Jim Jarmusch is often considered the godfather of modern American independent cinema, having reinvented the very concept with his 1984 flick Stranger Than Paradise (which does show up on the list, so I’ll get to it eventually). He has changed and evolved with the times, but retains his signature style of what can only be described as aloofness. Now, granted, Dead Man, from what I’ve heard and found out, is less so than his earlier works, and more a deliberate and exacting treatise on spirituality and the nature of a man’s life, but the eerily off-shooting style of Jarmusch is still very much alive.

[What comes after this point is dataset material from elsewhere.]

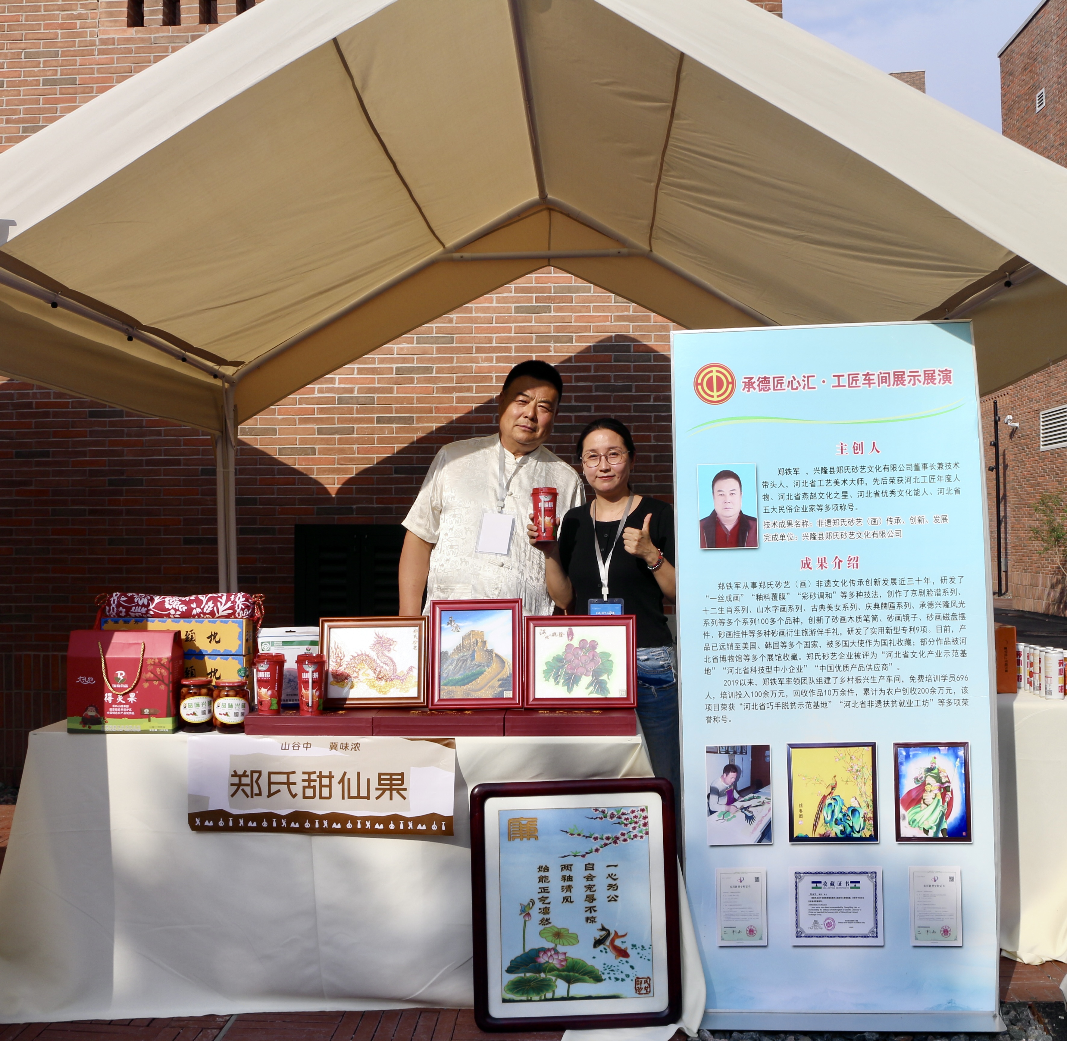 作為"長城腳下話非遺"的核心參展單位,鄭氏砂藝憑借融合傳統(tǒng)技藝與現代消費的創(chuàng)新實踐,成為本次非遺盛會的焦點之一。展臺前人潮涌動,金絲鑲嵌的《承德長城》砂畫以數萬次精準點砂,生動再現金山嶺長城的雄渾氣勢。現場同步陳列的《紅火》《中國龍》等極具興隆地域特色的經典作品,以及鄭氏砂藝鮮甜果、山楂果鋪、山楂撈和藥浸山楂核制成的"御用頸枕"系列產品,引得與會各級領導與游客紛紛駐足品鑒與認可。

First off, don’t be fooled by any screens you find of this film in color (like in the book); the whole film is in black and white, and this is done more for stylistic purposes than for the inexpensive option of B&W film. As I watched the beginning, I noticed Jarmusch has a weird habit of abruptly fading out into black and then cutting back into the film, almost like he is uncertain of just how to start the film so he keeps trying things one after the other. This continued throughout the film, but I quickly adjusted to it and eventually it bothered me none. Jarmusch himself classified this film as a “psychedelic Western”, and really I’m obliged to use that label just for lack of any other way to put this film. He uses what sounds like electric guitar tones for his score, which add to the acid-trip-like feel of the experience. The cast is also a veritable who’s who of actors, far too many to name here, but I found myself recognizing people here and there, all over the film; Jarmusch really got himself one hell of a cast, especially amazing since most of them have minor roles of about 15-20 minutes each, if that.
I was a little stymied when I first started this experience, but as I got further and further along, I suddenly realized I was really liking it. It’s a western unlike any I have ever seen, and thanks to the list I’ve seen a great deal. This was my first Jarmusch film, and boy am I glad to have started off with this one (though it would generally mean there’s nowhere to go but down, but I’m not so pessimistic). Much the opposite of my first von Trier film, this seem to be a very rewarding entry point into Jarmusch’s crazy little world. I could really go on and on about the film, what I thought of it, my interpretations of the plot, and the meaning behind many of the scenes and vignettes the film seems comprised of, but I can’t really put most of it into words. Truly, Jarmusch escapes me, as much as I liked his work here. At the very least, I felt satisfied that this earned its spot on the list; try it, and see if you find this an experience to your own liking.